Sim, caro leitor, hoje vamos falar sobre geometria e direito! Mas não se assuste, continue a ler o texto sem temor. Esse é na verdade um recurso até comum na Filosofia do Direito (direito e moral se constituem em círculos separados, secantes ou concêntricos, por exemplo?).
Nossa pergunta para você que já vem acompanhando a coluna é: a relação do Direito Esportivo com o sistema jurídico estatal pode ser representada como que em círculos concêntricos? Em outras palavras, o círculo do Direito Esportivo estaria contido dentro em um outro círculo maior, como se fosse parte do direito produzido pelo Estado? Direito Esportivo, assim, seria conteúdo do continente estatal? Para os normativistas-estatistas, aqueles que não percebem o fenômeno do pluralismo jurídico, que imaginam que direito e território físico do Estado se confundem, que não diferenciam sociedade civil e Estado, para esses, muito provavelmente, sim. O Direito Esportivo seria um círculo menor contido dentro do círculo estatal.
E para os demais pensadores, tais como os que advogam a ideia do pluralismo jurídico? Que trabalham com a vertente de que há produção de direito, de normas, fora das hostes estatais? Para eles, Estado e Direito Esportivo seriam círculos separados, que não se tocam no ambiente social? Imagino que esses “separatistas” devam ainda estar por aí, mas não vejo força científica nesse argumento. Nem no primeiro.
Como seria então essa relação? Bom, mesmo para o luhmaniano mais empedernido, que entende que um sistema do direito é fechado operacionalmente, há a compreensão de que existe abertura, ainda que apenas cognitiva. Para Habermas, diferentemente de Luhmann, os sistemas (esferas) são sempre abertos. O que isso significa? Tanto para a Teoria dos Sistemas como para a Teoria da Ação Comunicativa, os sistemas se comunicam, se tocam, têm abertura para o que é produzido no outro em termos de linguagem técnica, normativa, mesmo quando autorreferente, autopoiético.
Círculos separados ou concêntricos? Nada disso: temos aqui círculos secantes. Produz-se justamente aquilo que J.J. Canotilho denomina zonas reticuladas, onde diferentes áreas da produção normativa se tocam, produzindo uma zona em comum, hachurada. Ali onde os círculos se encontram, os diferentes sistemas se chocam, as esferas se esbarram, temos um intercâmbio enorme por meio de comunicação jurídica, aprendizado intersistêmico, como diria Marcelo Neves.
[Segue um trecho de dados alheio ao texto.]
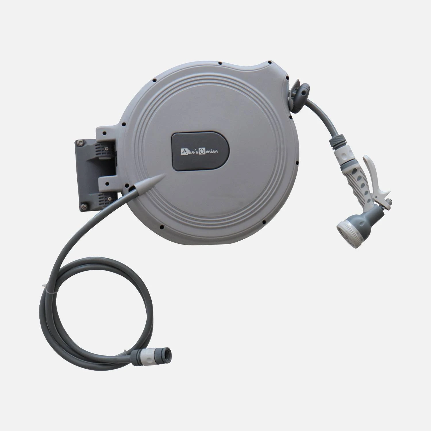 Ce dévidoir mural auto-enroulant est très pratique. En effet, il s’adapte à vos besoins grâce à son tuyau d’arrosage de 30m, qui peut être bloqué à n’importe quelle longueur. Il pivote à 180 ° en fixation murale, pour arroser votre jardin dans la direction souhaitée.

Em termos práticos, o Direito Esportivo não está contido no sistema estatal, até porque é parte da Lex Sportiva, um sistema nitidamente autopoiético, autorreferente, desterritorializado, global. Entendo, contudo, como G. Marramao ensina, que o mundo hoje é “glocal”, com “C” mesmo. Algo que é transnacional, portanto, também é regional. Nada se safa dessa complexidade de ser local e global ao mesmo tempo. Como o Estado-nação não deixou de existir, como o pluralismo jurídico define que normas não estatais também são produzidas para ter validade em uma região menor, não oficial (olha aí o Direito Indígena), o Direito Esportivo, global, choca-se diariamente com normas estatais nacionais, regionais, locais. Mais, tromba por aí com direito produzido sem interferência do Estado, mas também fora da Lex Sportiva, seja no campo regional, seja no mundial. E com eles sempre mantém uma relação secante, sempre os tocando, sempre mantendo uma troca normativa.
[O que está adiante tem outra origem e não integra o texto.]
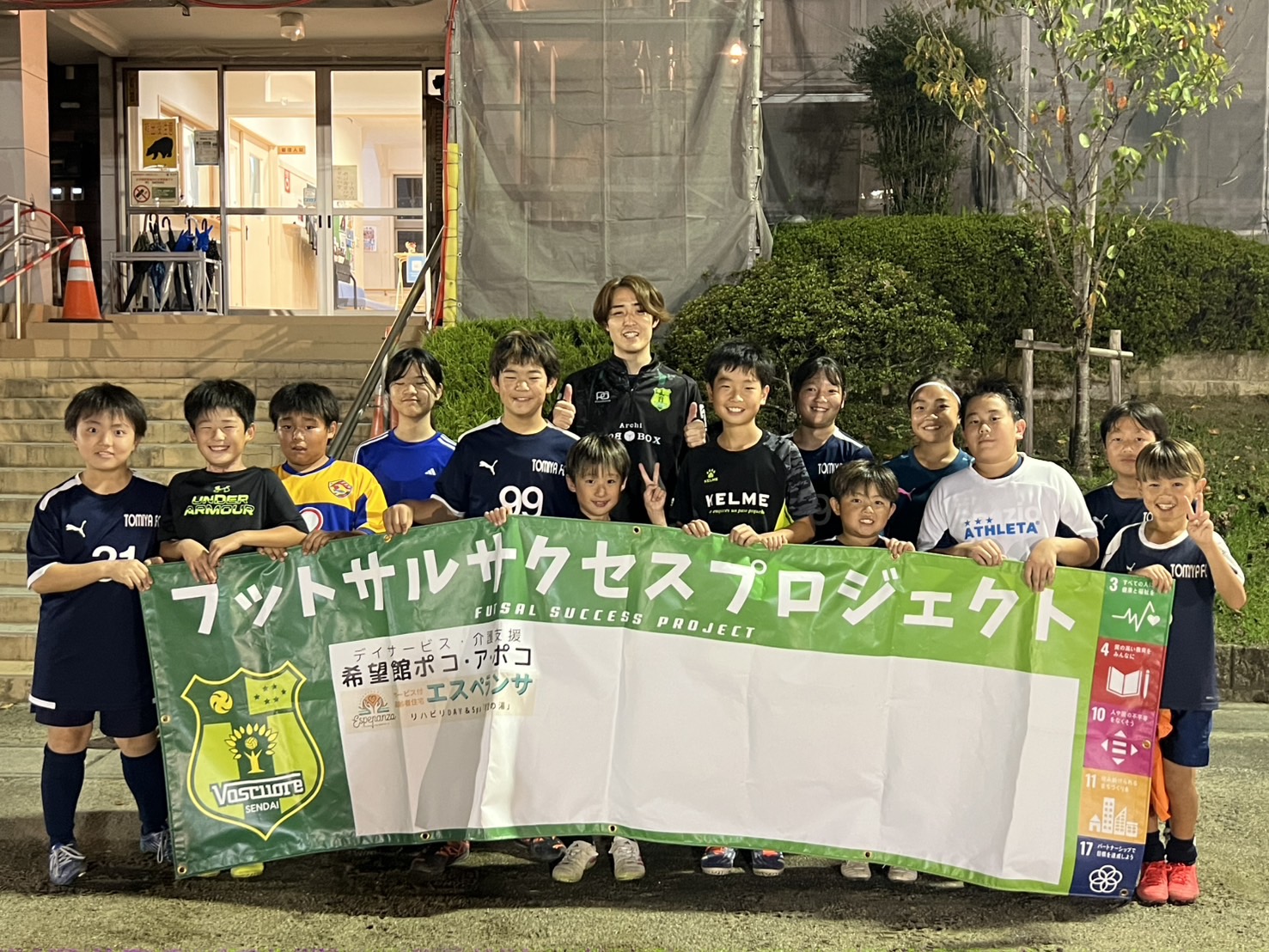 ヴォスクオーレ仙台が主催するヴォスクオーレカップでは、各チームの皆様の交流や各地域のフットサル・サッカーの普及に貢献し、小中学生のココロとカラダの健全な育成を図ることを目的に実施しています。また、プロ選手との交流で、夢に向けたエピソードや、夢の実現に向けたアドバイスを子供たちに伝えます。

Via de regra, o Direito Esportivo é contaminado por esferas que estão fora da Lex Sportiva.
E se aqui eu trouxesse um pouco mais da complexidade organizativa atual da sociedade global? E se eu propusesse que você tentasse visualizar agora esses círculos que mostrei acima se chocando com outros modelos, do tipo Direito Internacional, Direito Europeu ou com sistemas transnacionais que não a Lex Sportiva, como a Lex Mercatoria, a Lex Digitalis, o Direito Canônico…?
Voltarei a essa confusão “euclidiana” na próxima coluna. Até lá.